# [DATA FOR PROCESSING]
#####
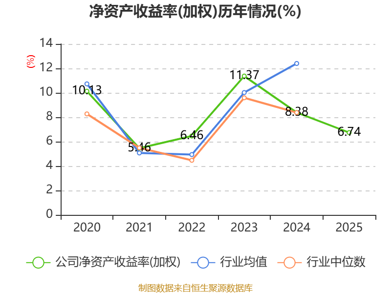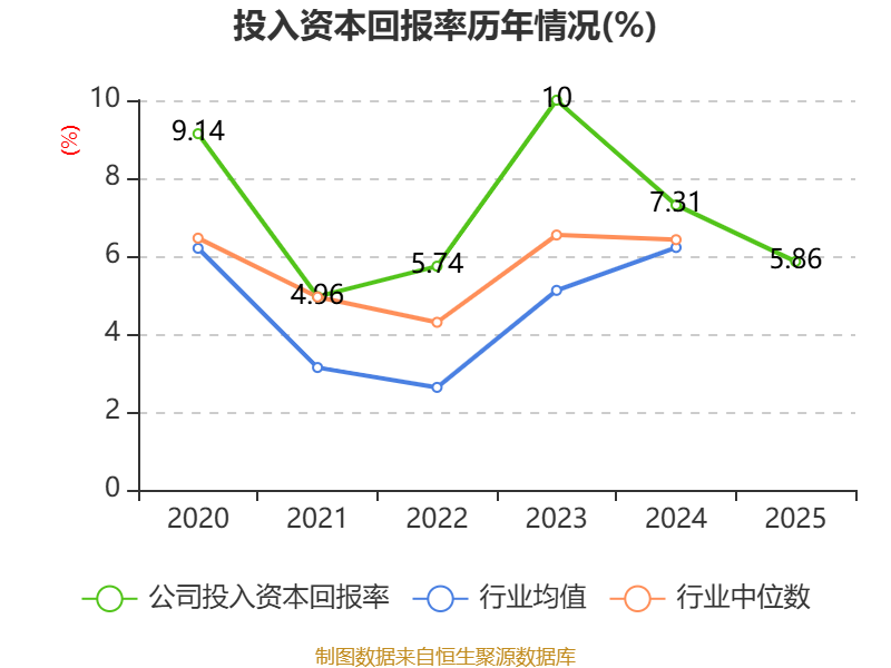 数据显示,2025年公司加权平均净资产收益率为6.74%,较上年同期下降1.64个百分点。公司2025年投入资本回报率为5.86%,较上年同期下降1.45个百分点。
#####
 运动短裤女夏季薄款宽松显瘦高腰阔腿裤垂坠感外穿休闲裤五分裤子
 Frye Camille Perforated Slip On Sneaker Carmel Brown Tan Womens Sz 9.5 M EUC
#####
# [WHAT TO WORK ON]
The range runs from the line above containing "运动短裤女夏季薄款宽松显瘦高腰阔腿裤垂坠感外穿休闲裤五分裤子" to the line containing "Frye Camille Perforated", inclusive. Restate those lines word for word and no others.

# [ANSWER AREA]
 运动短裤女夏季薄款宽松显瘦高腰阔腿裤垂坠感外穿休闲裤五分裤子
 Frye Camille Perforated Slip On Sneaker Carmel Brown Tan Womens Sz 9.5 M EUC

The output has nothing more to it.